KH. M. Hasyim Asya’ri memulai
sebuah tradisi yang kemudian menjadi salah satu keistimewaan beliau yaitu
menghatamkan Kitab Shakhihaini
“Al-Bukhori dan Muslim” dilaksanakan pada setiap bulan suci Ramadhan yang konon
diikuti oleh ratusan kiai yang datang berbondong-bondong dari seluruh Jawa.
Tradisi ini berjalan hingga sampai sekarang. Pada awalnya, santri Pondok Tebuireng
yang pertama berjumlah 28 orang, kemudian bertambah hingga ratusan orang,
bahkan diakhir hayatnya telah mencapai ribuan orang. Banyak alumni Pondok
Tebuireng yang sukse menjadi ulama besar dan menjadi pejabat-pejabat tinggi
Negara. Kini Tebuireng menjadi kiblat pondok pesantren.
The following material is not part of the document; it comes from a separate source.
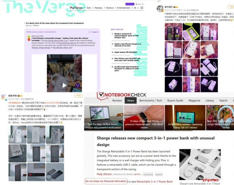 产品自上市以来,在全球市场持续引发关注。The Verge、Notebookcheck、凰家评测、数字尾巴等海内外知名科技媒体均对其给予赞许,称其“无疑是迄今见过最好看的充电宝”,并评价它“不只是一种充电工具,更是一件美学作品”。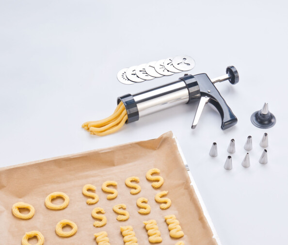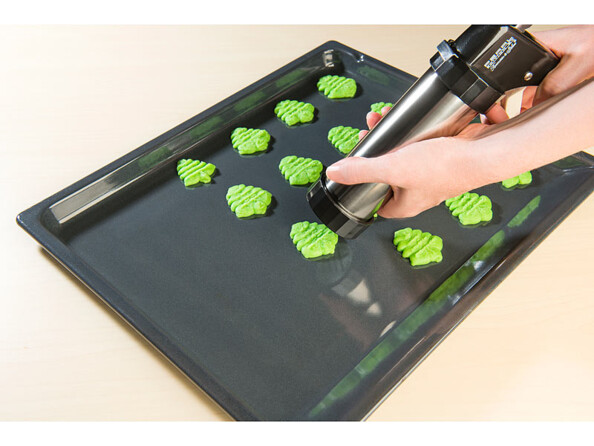 Envie de petits gâteaux à la forme originale ? Pour Noël ou pour accompagner votre thé, réalisez des fournées entières de biscuits bien réguliers. Placez simplement le disque correspondant à la forme choisie dans le pistolet, et remplissez-le de pâte. Il ne vous reste plus qu'à appuyer sur la gâchette pour la pâte sortir du pistolet. Une fois la pâte cuite, le biscuit prend forme. L'avantage de cette technique : même les formes les plus complexes sont toujours réussies. Et vous pouvez même obtenir de délicieux spritz !

Di samping aktif mengajar, beliau
juga aktif dalam berbagai kegiatan, baik yang bersifat yang lokal maupun
nasional. Pada tanggal 16 Sya’ban
1344 H/31 Januari 1926 M, di Jombang Jawa didirikanlah Jam’iyah Nahdlatul Ulama
(kebangkitan ulama) bersama KH. Bisri Syamsuri, KH. Wahab Hasbullah, dan
ulama-ulama besar lainnya, dengan azas dan tujuannya: “ Memegang dengan teguh
pada salah satu dari madzhab empat yaitu Imam Muhammad bin Idris Asyafi’I, Imam
Malik bin Anas, Imam Abu Hanifah An-Nu’am dan Ahmad bin Hambali. Dan juga
mengerjakan apa saja yang menjadikan kemaslahatan agama Islam”. KH. Hasyim
Asy’ari terpilih menjadi Rais Akbar
NU, sebuah gelar yang hingga kini tidak seorang pun menyandangnya. Beliau juga
menyusun Qanun Asasi (peraturan
dasar) NU yang mengembangkan paham Ahli
Sunnah wal-Jama’ah.
Peran KH. M. Hasyim Asy’ari tidak
hanya terbatas pada bidang keilmuan dan keagamaan, melainkan juga dalam bidang
social dan kebangsaan: Beliau terlibat
secara aktif dalam perjuangan membebaskan bangsa dari penjajah Belanda.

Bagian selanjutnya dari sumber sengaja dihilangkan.